Results: Median (interquartile range) age was 46 (40-53) years; 78% were male, 68% African American, and 14% had hepatitis C. Tenofovir and protease inhibitors (PI) were used in 88% and 49% of subjects, respectively. Median eGFRcr was 100 (87-118) mL/min per 1.73 m2 and CysC was 0.83 (0.73-0.95) mg/L, without treatment group differences. Baseline CysC concentration correlated with carotid intima-media thickness (r 0.324, p<0.001), carotid distensibility (r 0.193, p=0.019), and coronary calcium score (r 0.170, p=0.040).
Baseline CysC was associated with several markers of inflammation and immune activation and with use of PI, but not tenofovir (see Table). Soluble intercellular adhesion molecule-1 (sICAM-1) and tumor necrosis factor-α receptors I and II (TNF-RI/ II) were associated with CysC in a multivariable model independent of eGFRcr. After 24 weeks, mean CysC decreased significantly with statin therapy compared to placebo (-0.034mg/L vs. +0.010mg/L, p=0.008). Within the statin group, changes in CysC correlated with changes in sICAM-1 and TNF-RI (r 0.460, p<0.001 and r 0.372, p=0.002, respectively).
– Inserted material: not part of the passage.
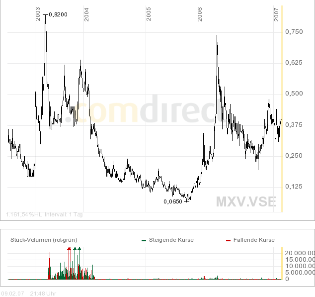 Und noch ein Gedanke beschäftigt mich. Wie es den Anschein hat, wird MXV ja die Verpflichtung auf Larder Lake nachkommen und irgendwann 60% der Gewinne einstreichen können. Des Weiteren will ja MXV in diesem Jahr 5,6 Mio. CAD für Bohrprogramme auf (Hope Bay / Larder Lake / Excelsior Springs / Keystone ) aufwenden. Was für ein Junior Explorer in diesem Stadium eine sehr hohe Summe darstellt. Außerdem sollen ja auch noch weitere Gebiete in Kanada / Mexiko / USA dazugekauft werden. Da bei MXV die Prioritäten dieses Jahr nach Aussagen von Mr. Graybeal (im Dezember getätigt) liegen:
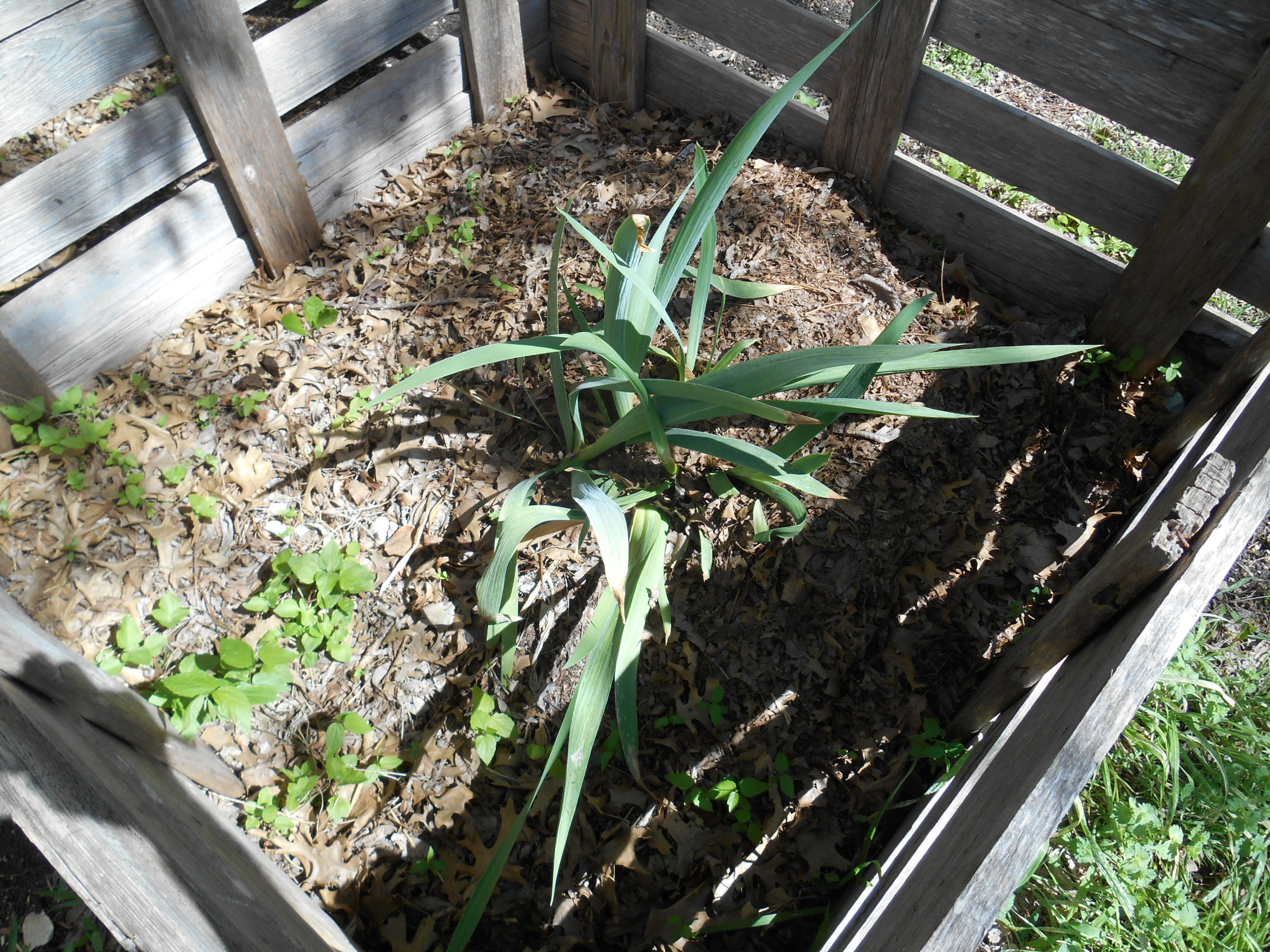 Our old compost bin, we have not used it for a while and now an iris has made its home in it !! We will have to transplant it to another place !!!

Conclusions: Rosuvastatin 10mg daily reduces plasma CysC in HIV-infected patients on ART. Baseline CysC concentrations are associated with cardiovascular risk, inflammation and immune activation. Reductions in CysC with statin therapy correlate with reductions in inflammatory biomarkers. The relationship between Cystatin C, cardiovascular disease, and mortality in HIV may partly be related to non-GFR factors such as inflammation.